Всякий, кто получил из дому такое письмо, хотя и удивлялся, все же не мог не обрадоваться. Солдат шёл благодарить Папу Шнитова. Разговор этот каждый старался вести наедине, стесняясь обсуждать с товарищами тот лестный факт, что командование именно его считает лучшим солдатом в роте. Ходить среди своих товарищей в «самых лучших», как известно, всегда несколько неудобно, будь то в школьном классе, в боевой роте, да и вообще где бы то ни было.
В результате настал момент, когда каждый боец роты знал про себя, что он самый лучший. Период этого приятного заблуждения был очень краток. Однажды капитан Зуев, не подозревавший, что стоит перед строем, в котором все до одного «самые лучшие», стал распекать бойца Пантюхова за плохое содержание оружия, за неопрятную подгонку шинели, за то, что тот не бреется вовремя, и за многие другие грехи в несении службы. При этом капитан, по причине своего неведения, имел неосторожность употребить совершенно недвусмысленные выражения.
— Стыдно, солдат Пантюхов! Посмотри на себя! Ты ведь худший в роте солдат! Я давно замечаю, что ты хуже всех несёшь службу!
Папа Шнитов, только вчера вручивший Пантюхову письмо из дому, делал командиру роты еле заметные знаки и даже пытался тихо произносить какие-то слова, вроде: «Ну уж и худший…», «Ты уж слишком…». Этим он только подлил масла в огонь.
— А ты, Папа Шнитов, не заступайся! — громко возразил капитан. — Сам знаешь, что это за боец! Вздрючить его давно надо было, а ты заступаешься!
Пантюхов, небольшого роста щуплый солдатик в шинели не по росту, слушал эти слова молча, стоя по стойке «смирно». Глаза его часто моргали и щурились, точно в каждый из них попала соринка, которую он не мог смахнуть ввиду неподвижно прижатых к бокам рук.

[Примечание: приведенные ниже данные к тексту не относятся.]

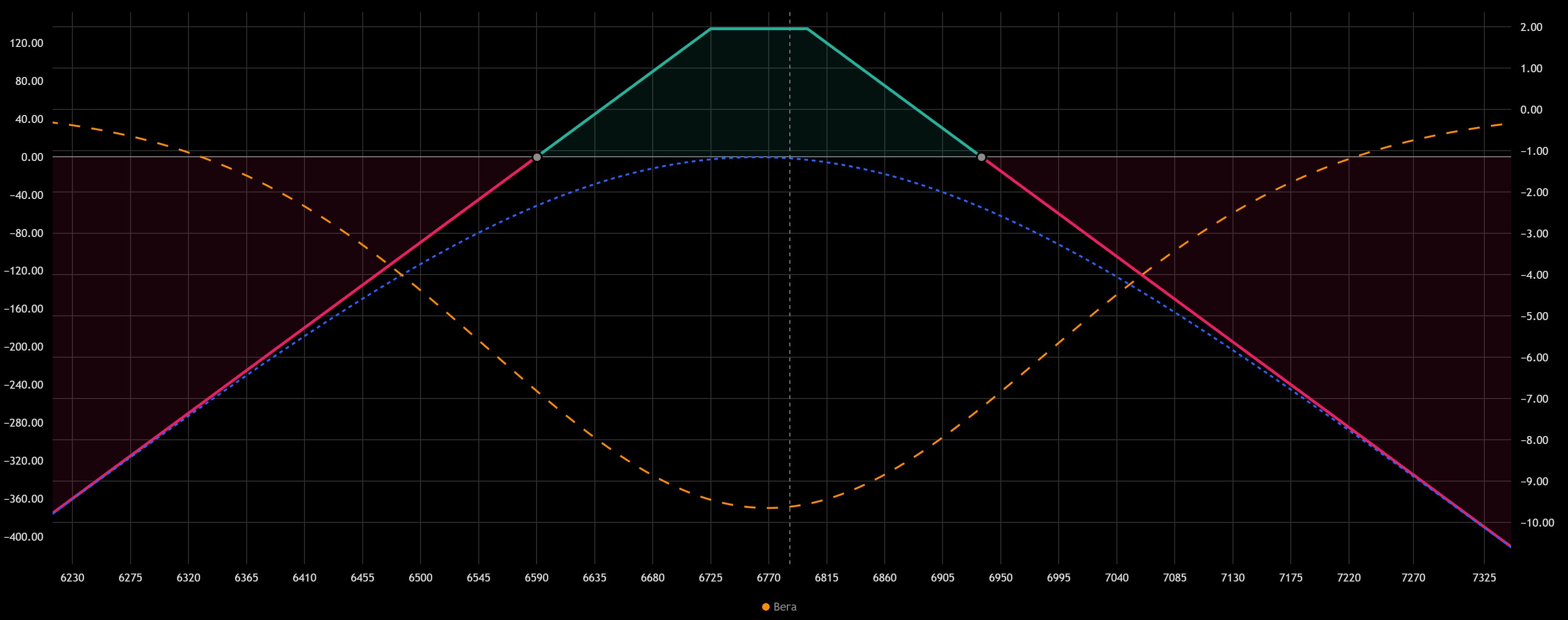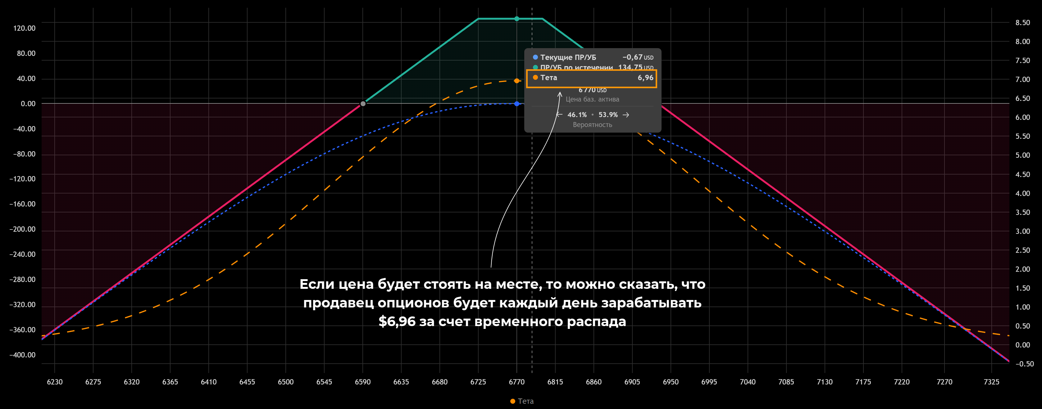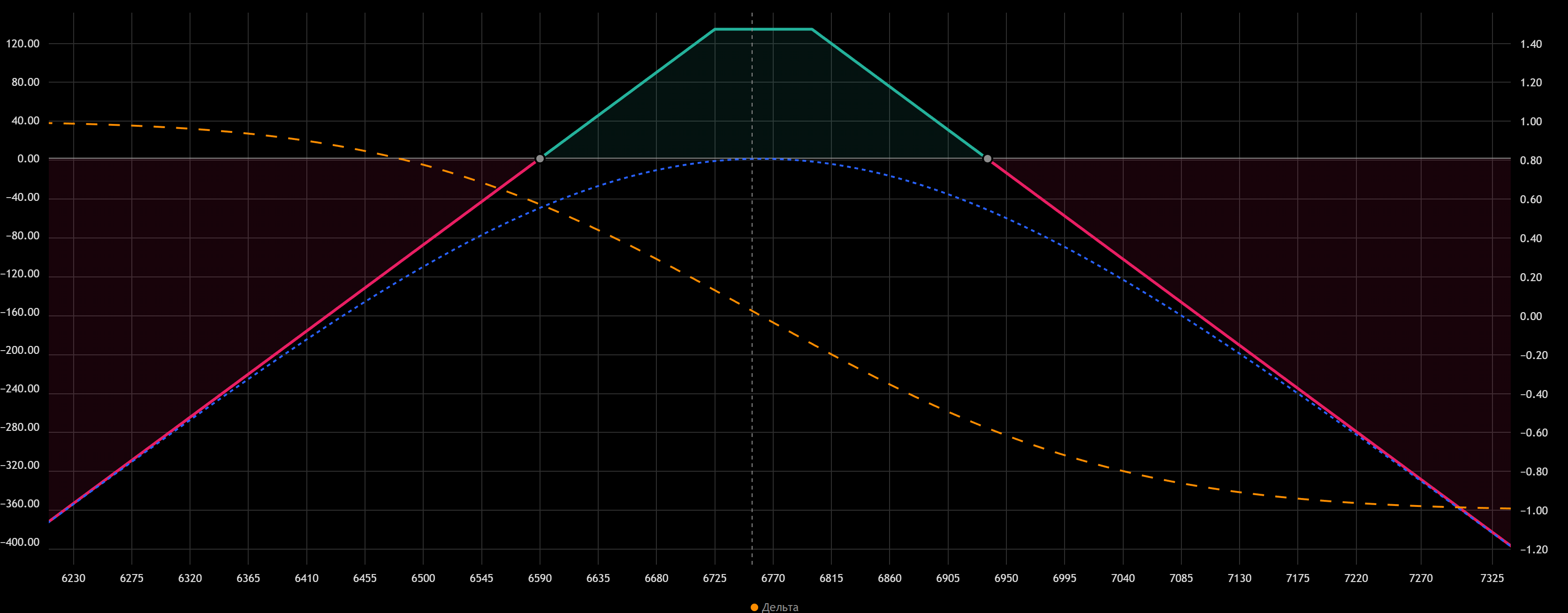 • Если цена останется в коридоре между 2 экспирациями (6725 — 6800), то продавец заработает $142.

— Товарищ капитан, разрешите обратиться? — выкрикнул вдруг командир отделения Самсонов. Не дожидаясь разрешения, он продолжал: — Несправедливо, товарищ капитан. Пантюхов вчера посреди дня бриться начал. И сегодня с утра побритый ходит. И оружие он начистил. А насчёт шинели, так он в хозвзвод отпрашивался. Хочет, чтобы подогнали её покультурнее. Короче, какая-то муха его вчера укусила.
Услышав это, капитан Зуев несколько смутился. Он быстро подошёл к Пантюхову, провёл тыльной стороной ладони по его щеке и покачал головой. Пантюхов шагнул вперёд, сдёрнул с себя автомат и молча протянул командиру роты.
— Не надо. Верю, — сказал капитан. — Становись в строй. Вот так и служи…
— Что это с ним? — спросил он, возвратившись к Папе Шнитову. — Какая такая муха его укусила?
— Секрет политшинели, — ответил тот, по своему обыкновению.
Этот «секрет» открылся для всех в тот же день. Растерянный Пантюхов показал в землянке полученное им вчера из дому письмо. Под громкий хохот пошло чтение одного письма за другим. Весёлая эта работа перекинулась во все землянки, в траншею на передовой, в хозвзвод к полевой кухне…
Папа Шнитов нисколько не огорчился этим разоблачением. Он ждал его.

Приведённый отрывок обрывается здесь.